S3 prefixes are not directories

I didn’t expect to be writing another post about S3 keys so soon, but life comes at you fast. Less than twenty-four hours after posting S3 keys are not file paths, I hit a different bug caused by poor handling of S3 keys. (Yes, really.)

The storage service I work on has to store different versions of a “bag”, and we want those versions to be human-readable. We number those versions v1, v2, v3, and we include that version as part of the S3 key for each object in the archive.

If we want to list the files in a directory on a filesystem (say, all the files in v1), we can use something like the ls command:

$ ls bags/b1234/v1/

If v1 is a directory, this returns the same results whether or not you include the trailing slash.
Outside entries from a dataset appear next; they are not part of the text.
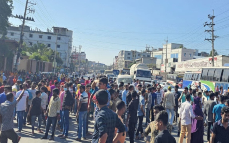 শনিবার ৯ নভেম্বর সকাল সাড়ে ৯টা থেকে বিক্ষোভ শুরু করেন ওই পোশাক কারখানার শ্রমিকরা। এতে ঢাকা-ময়মনসিংহ মহাসড়কে যান চলাচল বন্ধ হয়ে পড়ে। সড়কের দুই পাশে কয়েক কিলোমিটার দীর্ঘ যানজটের সৃষ্টি হয়।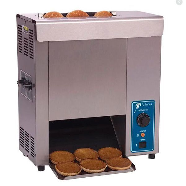 Конвейерный тостер редставляет собой настольный контактный тостер для подогрева и карамелизации булочек, используемых при приготовлении гамбургеров. Тостер карамелизует булочки для бургеров таким образом, чтобы соус и соки от начинки не проникали внутрь булочки, сохраняя ее свежей и хрустящей.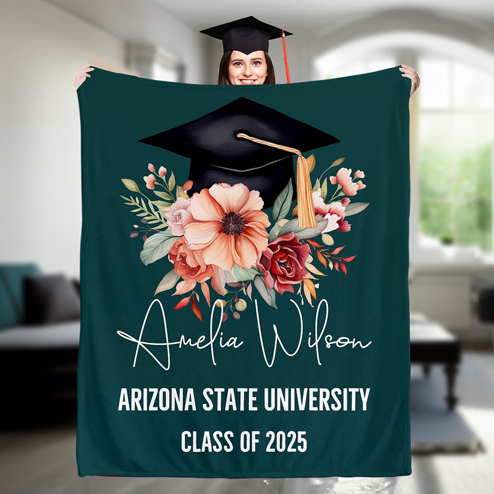 Este producto está diseñado para graduados, combinando elegantes elementos florales de acuarela con motivos de birretes de graduación que simbolizan los logros académicos, mostrando la belleza de la juventud y la gloria del crecimiento. La manta no sólo está impresa con exquisitos adornos florales, sino que también tiene 3 estilos para elegir. Puede añadir su nombre, año de graduación, nombre de la escuela, etc., haciendo de esta manta un recuerdo único para dejar constancia de este importante hito en su vida.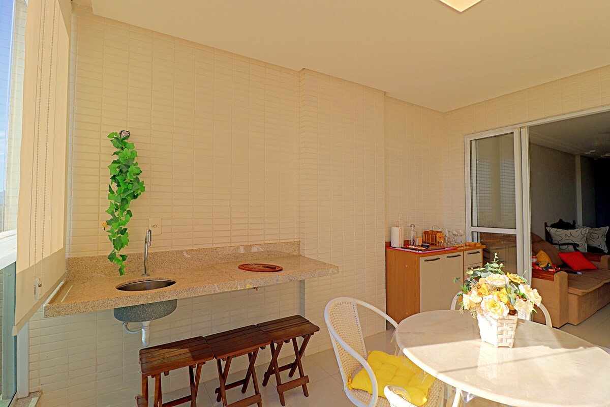 Apt novo, 3 qts com ar condicionado/churrasqueira.
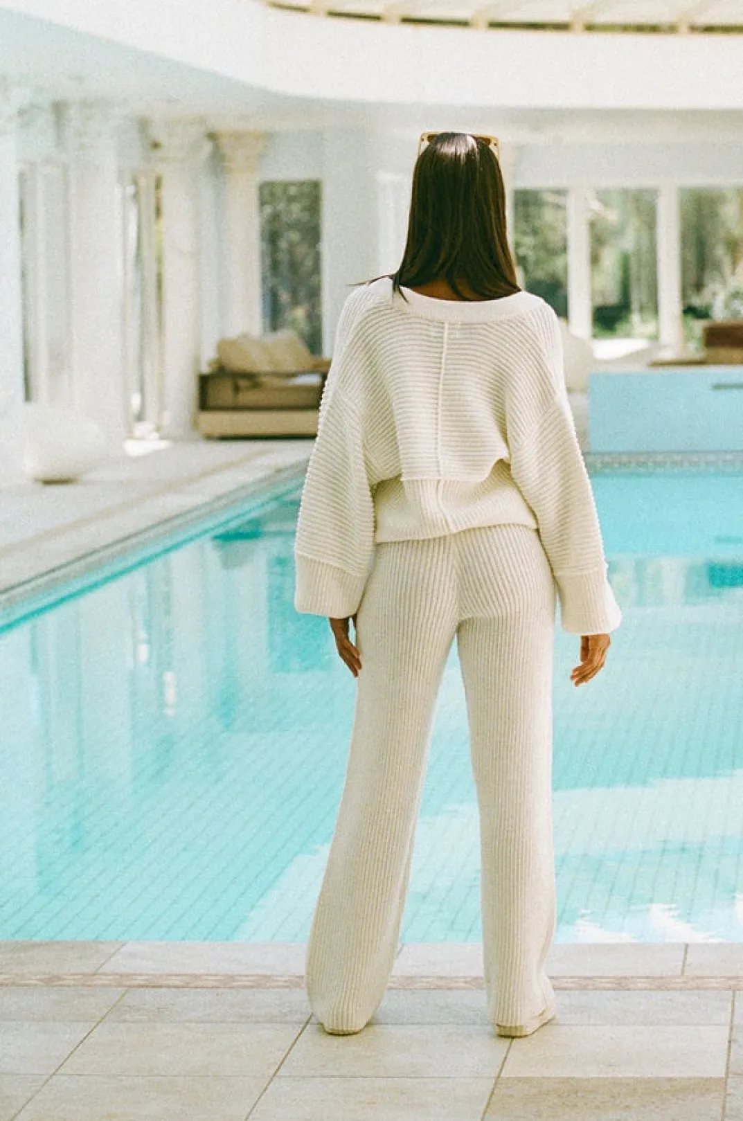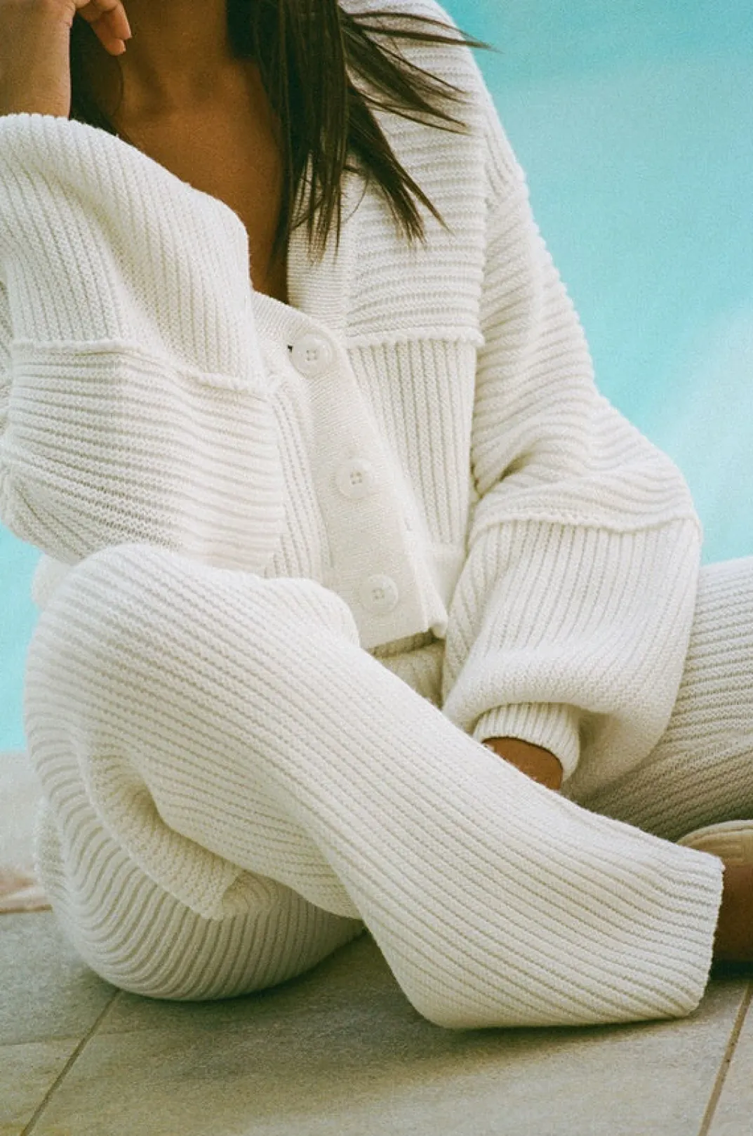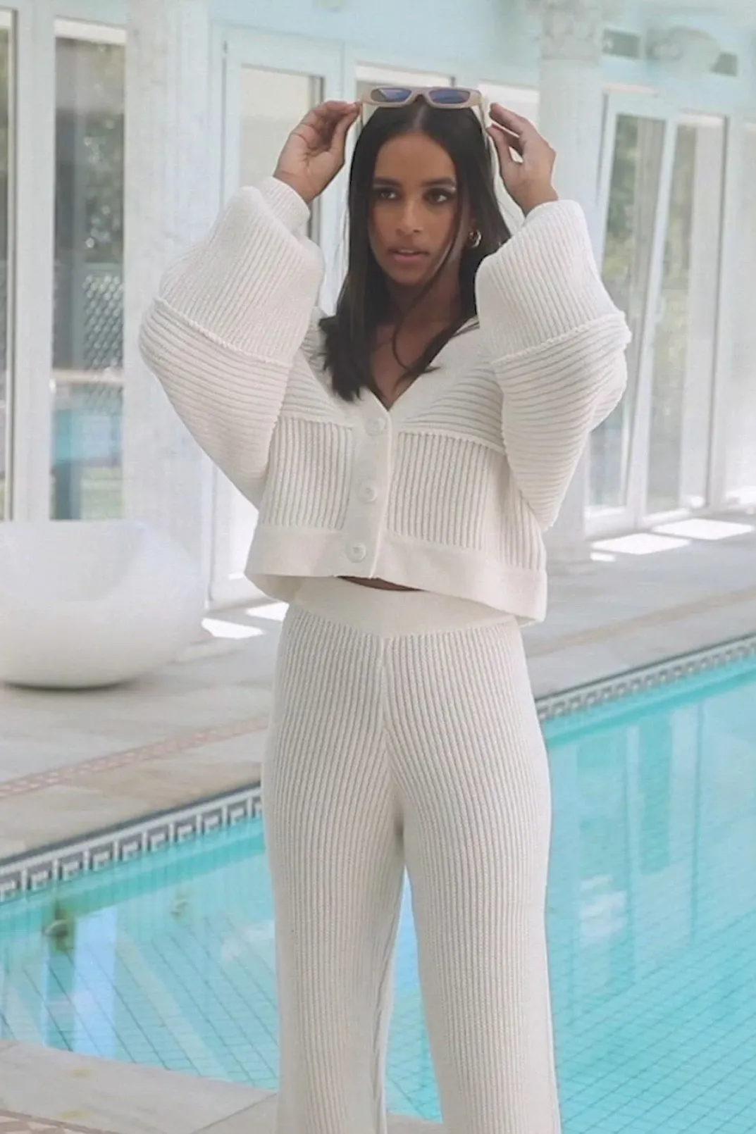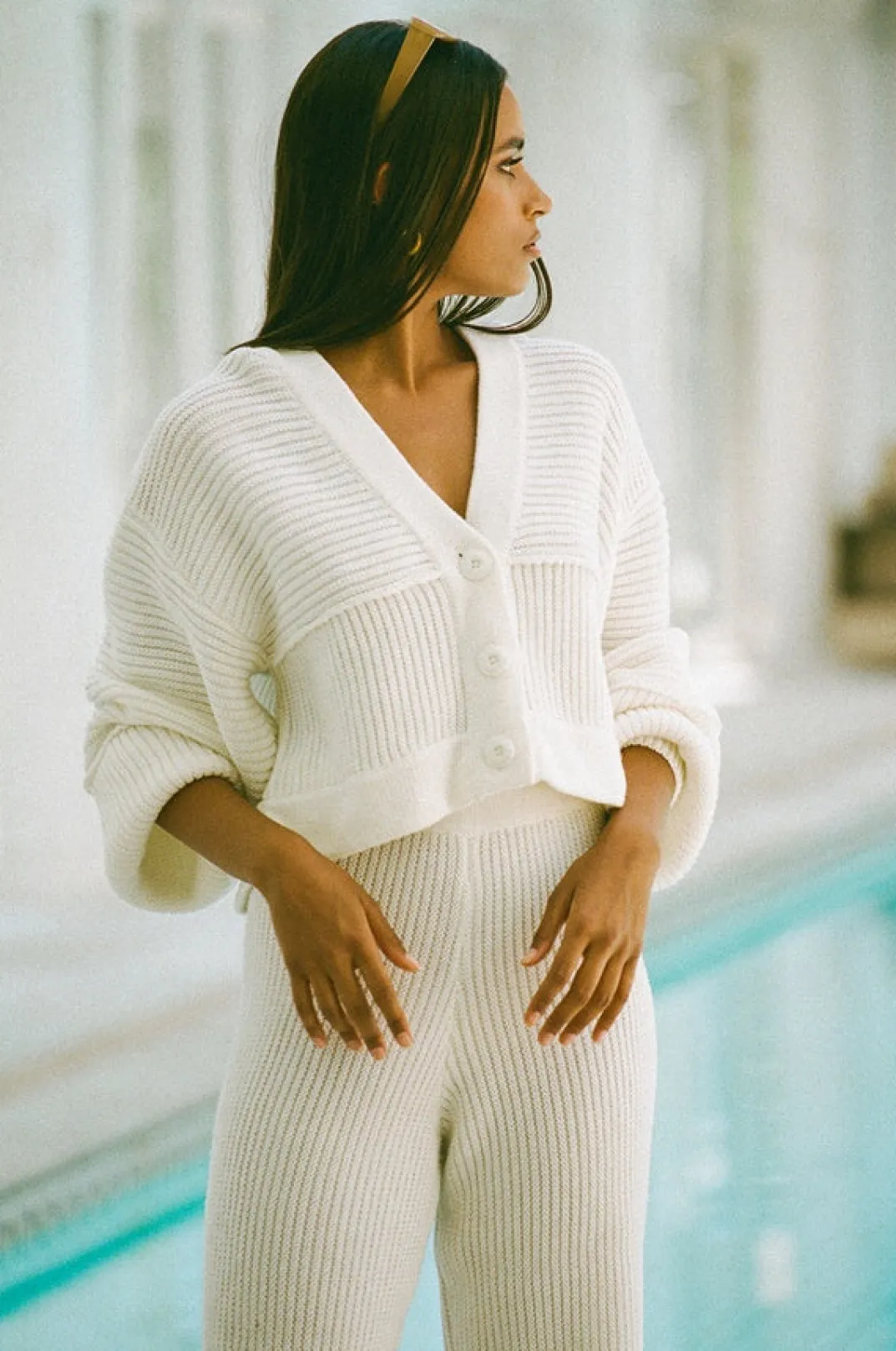 *This Is A Final Sale Item* A Cosy Staple That Can Be Worn All Year Round! The Taite Cardi Is Made From A Soft Knit In An Off White Hue. It Features Contrast Rib Detailing, V Neckline And Buttons At Centre Front. Get The Look With The Taite Pants! Designed Exclusively By Sabo.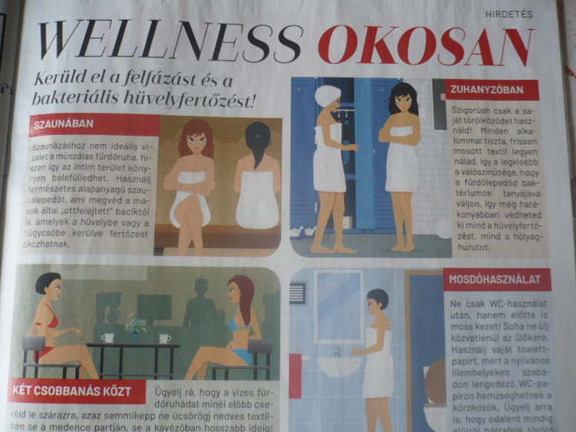 Szaunázáshoz nem ideális viselet a műszálas fürdőruha,hiszen így az intim terület könnyen belefülledhet.Használj természetes alapanyagú szaunalepedőt,ami megvéd a mások által ,,ottfelejtett" bacictól is,amelyek a hüvelybe vagy a húgycsőbe kerülve fertőzést okozhatnak.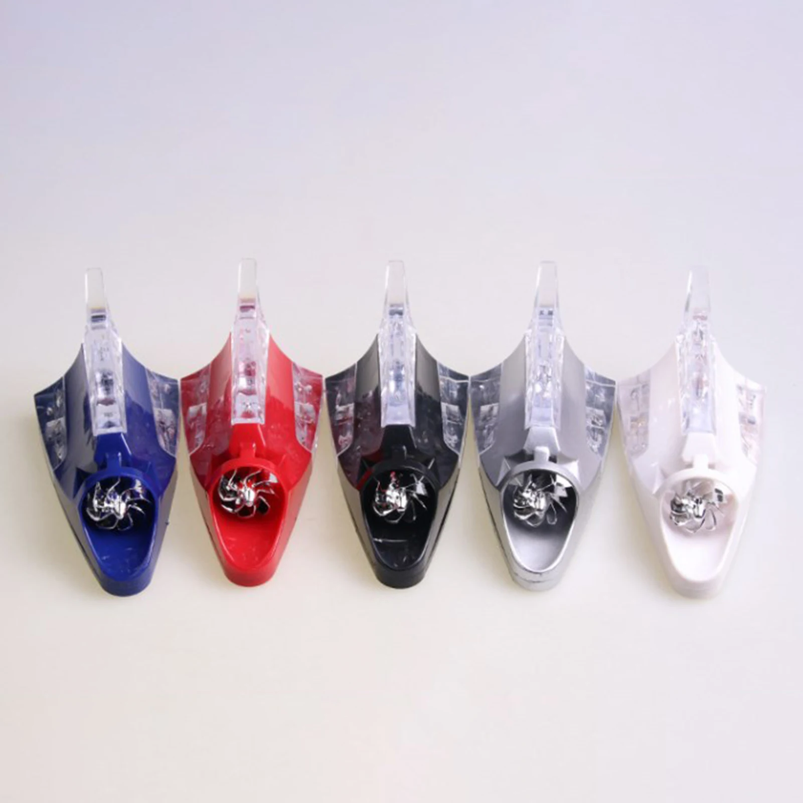 Светодиодная цветная ветровая Антенна изготовлена из прозрачной пластиковой коробки, гальванического пластикового основания, переднего пластикового лопасти вентилятора и внутренней металлической катушки.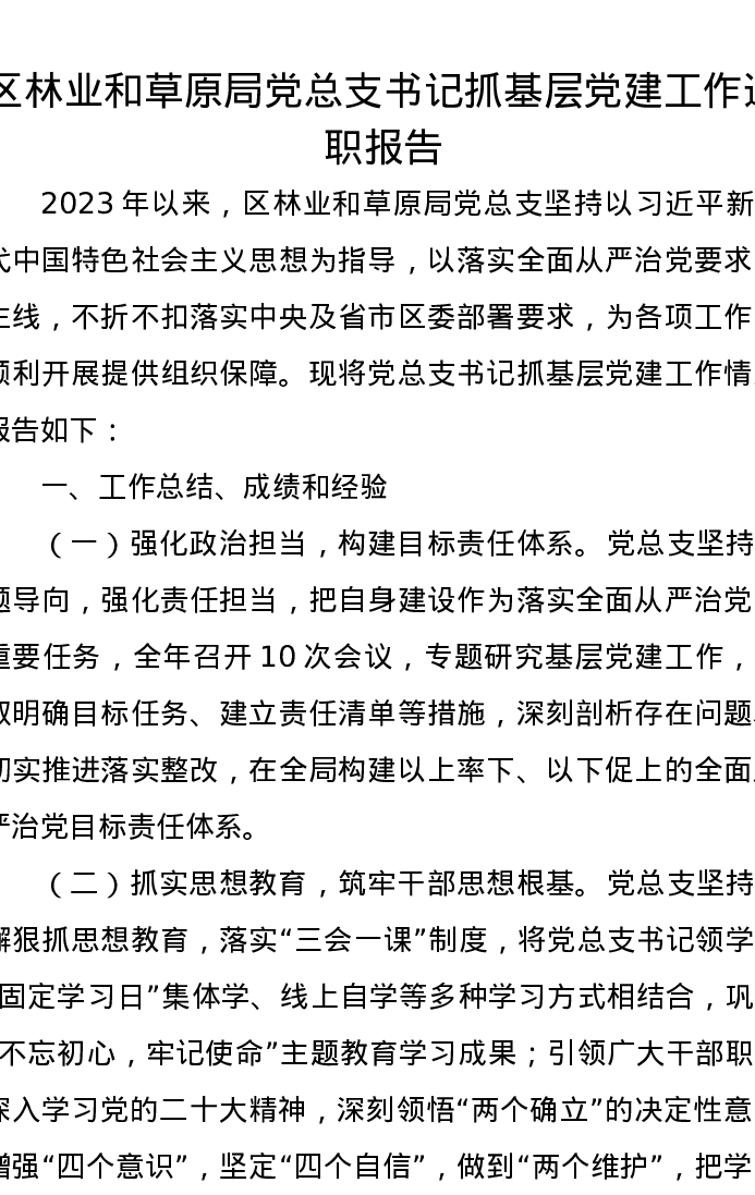 区林业和草原局党总支书记抓基层党建工作述职报告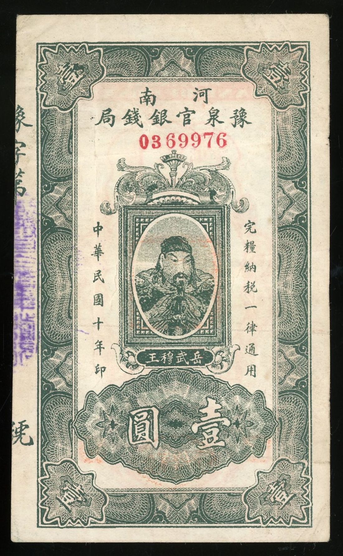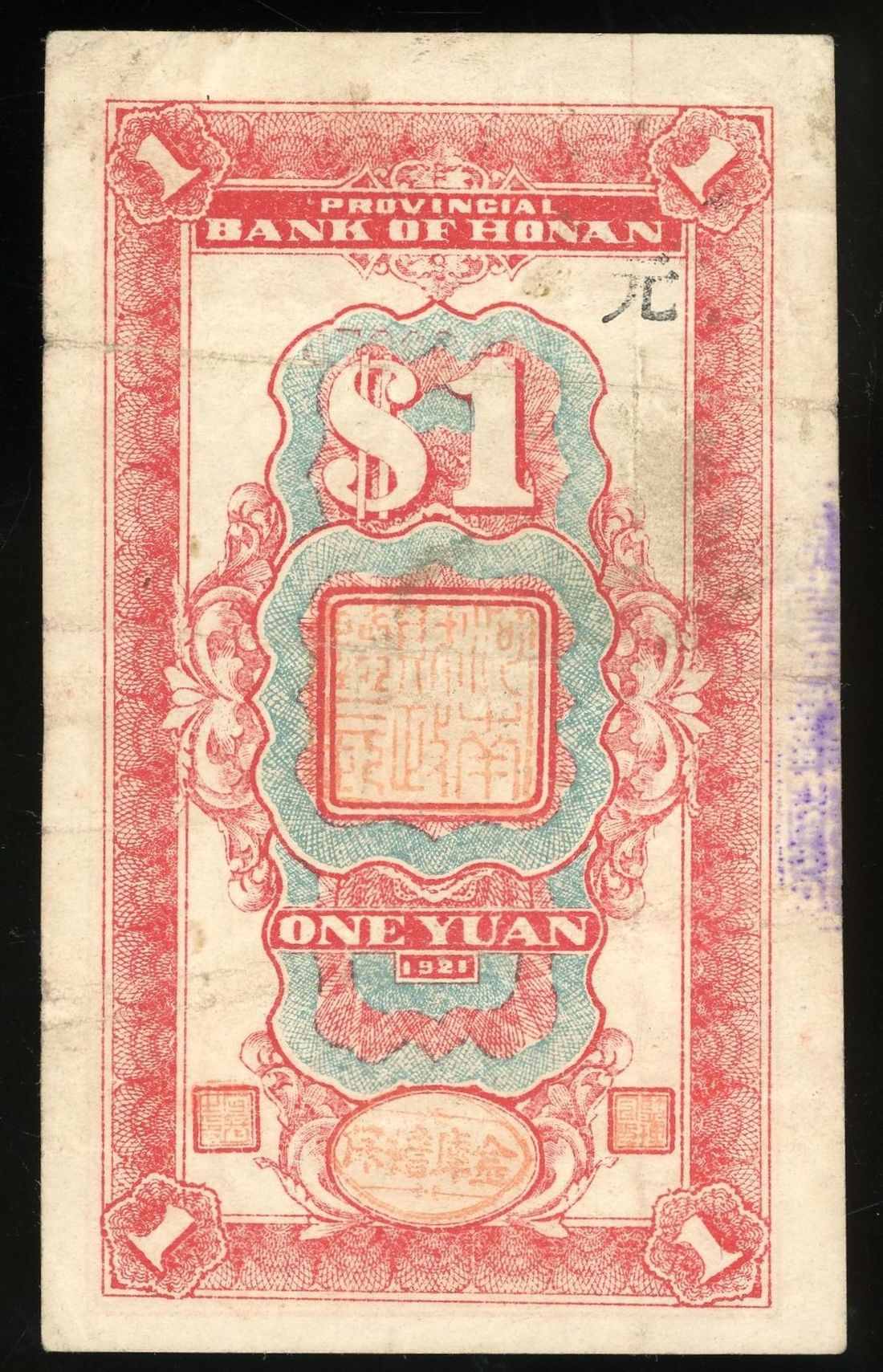 Provincial Bank of Honan, China, 1 yuan, Year 10 (1921), serial number 0369976, without red stamp at centre,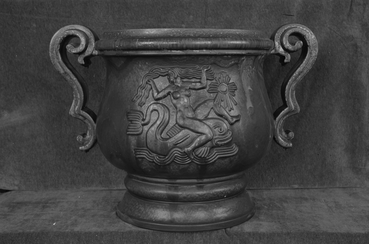 Trädgårdsurna, tillverkad 1928 av Gefle Porslinsfabrik, formgivare Arthur Percy.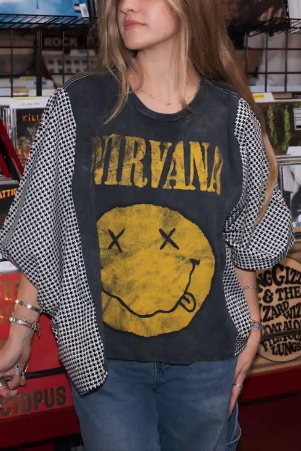 DetailsOne of a kind!Washed Vintage Graphic Tee with Batwing SleeveColor: PictureMaterial: 50% Cotton50% Recycled Mixed FabricSPU:TPCJ25082104Size:One Size Fits MostModel is Wearing a Size OSModelHeight: 5'2"Bust: 34"Waist: 27"Hips: 36"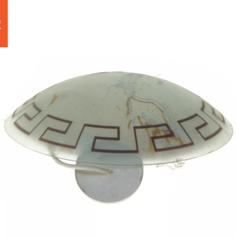 Rund glasplade med diameter på 31,5 cm, beregnet til brug som del af en loftlampe. Glaspladen har et dekorativt mønster rundt i kanten og viser tegn på nogle brune pletter, der kan være skidt eller patina. Lampen omfatter ledninger og monteringsflade i metal til tilslutning til loft. Tags: glasplade, loftlampe.

I’ve seen various arguments about whether you should include the trailing slash in a directory path, but as far as I know it doesn’t change the behaviour when it comes to listing files.

If we want to list the objects under a prefix in S3 (again, all the files in v1), we can use aws s3 ls, which is a wrapper around the ListObjectsV2 API:

$ aws s3 ls s3://bukkit/bags/b1234/v1/

Here, the trailing slash is more significant – when S3 asks “does a key match a prefix”, it’s doing a simple string comparison. If we omit the slash, it will find other objects that we might not be expecting – what happens if, say, we’ve got more than nine versions?

$ aws s3 ls s3://bukkit/bags/b1234/v1
s3://bukkit/bags/b1234/v10/bagit.txt        # Err, is this what we want?

The API is behaving as specified – v1 is indeed a prefix of v10 – but if you’re thinking of prefixes as directory paths, this result might surprise you. It certainly surprised me!

If you’re listing the objects in an S3 prefix, consider carefully whether you want a trailing slash. If you want to list it “as a directory”, you probably do.